Run the scripts for tweet and retweet collection
python collect_tweets.py
python collect_retweets.py
Run the next script to create a list of user ids from the collected tweets and retweets
python create_dataset.py
Use tweego to collect information about the users from their ids
tweego -d "fakenewsnet_dataset" -k "keys.json" -n "all" -u
Filter the dataset to include only users that:
- Have shared more than 2 new articles
- Follow less than or equal to 5000 other users
- Have at least 5000 followers
python filter_dataset.py
The reason behind these constraints is:
- We want users who've shared at least a couple of articles to establish a pattern
- Users who have followed more than 5k users have done so most likely with a bot
- Anyone with more than 5k followers is bound to contribute to news spreading among a large community
Use the tweego tool to construct the user network and store it as a .gml file
tweego -d "fakenewsnet_dataset" -k "keys.json" -n "all_10k" -so -g
Add features to the nodes like, the number of news articles, if a user is verified or not, and the amount of fake news shared as a fraction of the total news
python edit_graph.py
Run the classification scripts in any order
- GNN
- node2vec
Purpose of each notebook-
- GNN - Use different Graph Neural Networks to classify fake and real users
- node2vec - Use node2vec combined with different ML models to classify fake and real users
To build a classification model that would find patterns in ego networks to detect users that share predominantly fake news, a dataset containing edges between users and a database of tweets and retweets that have been manually classified as real or fake is required. Such a dataset does not exist already, but it can be generated.
Tweego is a tool to generate second order ego networks for users from Twitter. This means it'll collect all the friends of friends for a given set of users and generate a graph.
FakeNewsNet is a fake news data repository, which contains two comprehensive datasets that includes news content, social context, and dynamic information. The full paper can be found here. The news is obtained from two fact-checking websites to obtain news with ground truth labels for fake news and true news, these websites are-
- PolitiFact: In PolitiFact, journalists and domain experts review the political news and provide fact-checking evaluation results to claim news articles as fake or real.
- GossipCop: GossipCop is a website for fact-checking entertainment stories aggregated from various media outlets. GossipCop provides rating scores on the scale of 0 to 10 to classify a news story as the degree from fake to real.
The most important feature of FakeNewsNet is that it also downloads tweets and retweets sharing the news articles from Twitter.

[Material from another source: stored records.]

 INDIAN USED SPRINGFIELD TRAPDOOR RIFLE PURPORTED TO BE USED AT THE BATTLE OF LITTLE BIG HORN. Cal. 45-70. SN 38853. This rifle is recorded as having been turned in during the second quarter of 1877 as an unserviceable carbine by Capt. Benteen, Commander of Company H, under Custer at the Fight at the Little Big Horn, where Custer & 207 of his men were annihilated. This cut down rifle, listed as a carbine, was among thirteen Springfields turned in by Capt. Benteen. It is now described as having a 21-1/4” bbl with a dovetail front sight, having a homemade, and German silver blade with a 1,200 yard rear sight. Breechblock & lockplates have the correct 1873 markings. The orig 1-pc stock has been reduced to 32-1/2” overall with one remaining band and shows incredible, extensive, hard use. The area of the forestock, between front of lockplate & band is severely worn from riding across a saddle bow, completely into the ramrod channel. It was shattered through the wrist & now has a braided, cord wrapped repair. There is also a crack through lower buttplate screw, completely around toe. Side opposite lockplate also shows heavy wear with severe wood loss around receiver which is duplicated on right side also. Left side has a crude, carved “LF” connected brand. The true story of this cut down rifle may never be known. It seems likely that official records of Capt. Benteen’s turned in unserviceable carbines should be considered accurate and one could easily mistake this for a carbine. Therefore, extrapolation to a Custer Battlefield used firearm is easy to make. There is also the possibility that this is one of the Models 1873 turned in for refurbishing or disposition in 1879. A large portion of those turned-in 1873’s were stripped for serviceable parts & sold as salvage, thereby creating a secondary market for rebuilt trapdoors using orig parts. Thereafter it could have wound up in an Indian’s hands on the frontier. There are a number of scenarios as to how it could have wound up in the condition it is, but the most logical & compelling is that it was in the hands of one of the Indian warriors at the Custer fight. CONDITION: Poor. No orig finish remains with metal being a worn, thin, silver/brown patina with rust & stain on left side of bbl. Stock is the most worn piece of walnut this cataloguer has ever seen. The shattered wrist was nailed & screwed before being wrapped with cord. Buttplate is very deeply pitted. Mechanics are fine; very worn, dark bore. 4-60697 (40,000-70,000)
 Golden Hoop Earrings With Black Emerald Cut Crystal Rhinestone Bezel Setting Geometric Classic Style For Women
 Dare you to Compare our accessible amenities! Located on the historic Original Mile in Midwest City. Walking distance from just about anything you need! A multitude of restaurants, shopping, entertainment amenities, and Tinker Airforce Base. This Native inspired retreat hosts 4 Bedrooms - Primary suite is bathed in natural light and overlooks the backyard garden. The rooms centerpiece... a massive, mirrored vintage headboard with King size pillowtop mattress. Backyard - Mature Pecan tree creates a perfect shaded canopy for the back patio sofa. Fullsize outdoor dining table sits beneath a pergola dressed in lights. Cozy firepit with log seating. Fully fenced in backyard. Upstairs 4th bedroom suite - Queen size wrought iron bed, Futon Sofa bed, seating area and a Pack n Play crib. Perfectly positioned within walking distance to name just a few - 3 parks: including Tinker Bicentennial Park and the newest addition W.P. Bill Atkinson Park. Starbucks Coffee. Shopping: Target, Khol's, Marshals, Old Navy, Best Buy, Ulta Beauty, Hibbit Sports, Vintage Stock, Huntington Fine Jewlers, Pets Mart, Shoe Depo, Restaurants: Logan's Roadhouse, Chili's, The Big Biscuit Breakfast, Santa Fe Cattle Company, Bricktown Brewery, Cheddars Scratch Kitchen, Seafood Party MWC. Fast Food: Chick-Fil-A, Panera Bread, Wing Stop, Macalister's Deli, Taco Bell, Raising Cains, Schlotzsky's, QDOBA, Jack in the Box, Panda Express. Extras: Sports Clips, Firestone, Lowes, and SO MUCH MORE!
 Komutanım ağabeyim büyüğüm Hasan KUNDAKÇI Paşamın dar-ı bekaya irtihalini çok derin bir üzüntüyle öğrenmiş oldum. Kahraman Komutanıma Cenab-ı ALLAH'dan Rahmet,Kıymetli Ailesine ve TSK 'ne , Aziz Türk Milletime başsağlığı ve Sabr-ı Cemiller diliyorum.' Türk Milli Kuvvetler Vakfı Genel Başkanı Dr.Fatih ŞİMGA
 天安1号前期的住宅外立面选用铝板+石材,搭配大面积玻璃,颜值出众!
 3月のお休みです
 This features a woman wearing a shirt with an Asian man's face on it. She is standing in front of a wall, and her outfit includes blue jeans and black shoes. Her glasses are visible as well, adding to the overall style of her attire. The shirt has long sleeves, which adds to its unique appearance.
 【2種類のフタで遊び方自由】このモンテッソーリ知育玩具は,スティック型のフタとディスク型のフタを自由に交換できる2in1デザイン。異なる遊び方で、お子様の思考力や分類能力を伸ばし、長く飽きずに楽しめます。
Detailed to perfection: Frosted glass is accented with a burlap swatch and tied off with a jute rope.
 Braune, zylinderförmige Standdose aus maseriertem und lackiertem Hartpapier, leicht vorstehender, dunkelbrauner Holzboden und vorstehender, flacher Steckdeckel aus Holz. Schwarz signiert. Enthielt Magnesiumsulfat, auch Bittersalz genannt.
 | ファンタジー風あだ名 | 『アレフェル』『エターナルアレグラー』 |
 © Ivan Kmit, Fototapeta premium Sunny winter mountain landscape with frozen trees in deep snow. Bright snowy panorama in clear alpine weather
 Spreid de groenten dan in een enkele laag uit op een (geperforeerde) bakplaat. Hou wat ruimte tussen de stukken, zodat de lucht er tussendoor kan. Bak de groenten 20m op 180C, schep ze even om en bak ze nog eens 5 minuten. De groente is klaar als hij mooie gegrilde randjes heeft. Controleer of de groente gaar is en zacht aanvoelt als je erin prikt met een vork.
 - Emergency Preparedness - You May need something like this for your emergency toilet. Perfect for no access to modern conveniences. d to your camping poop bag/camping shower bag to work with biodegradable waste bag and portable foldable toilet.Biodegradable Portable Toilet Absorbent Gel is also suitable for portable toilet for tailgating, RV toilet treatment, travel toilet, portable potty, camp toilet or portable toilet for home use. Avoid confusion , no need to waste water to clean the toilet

This means that we can get the profile of users that shared the tweets from Twitter, and then combine it with our list of verified users to see how many fake/real news articles every verified user shared.
Sample size of users: 9687
Friends | Followers | Listed | Statuses | Articles shared | Fake ratio | |
---|---|---|---|---|---|---|
mean | 1648.99 | 257043.19 | 1299.34 | 137100.58 | 17.11 | 0.42 |
median | 1189.00 | 17216.00 | 256.00 | 72894.00 | 5.00 | 0.33 |
min | 0.00 | 5000.00 | 0.00 | 139.00 | 3.00 | 0.0 |
max | 5000.00 | 72123733.00 | 215288.00 | 8318206.00 | 55768.00 | 1.00 |
To create the labels, the ratio of fake news shared to total number of articles shared is considered. The FakeNewsNet dataset contains real and fake news for both Politifact and GossipCop. So first the total number of fake/real news articles a user has shared is calculated by checking how many times their display name or id matches the id or display name of the user sharing a tweet. From this we can get the total number of fake and real news articles a user has shared from both sources(Politifact and GossipCop) and then find the ratio of fake to total news shared.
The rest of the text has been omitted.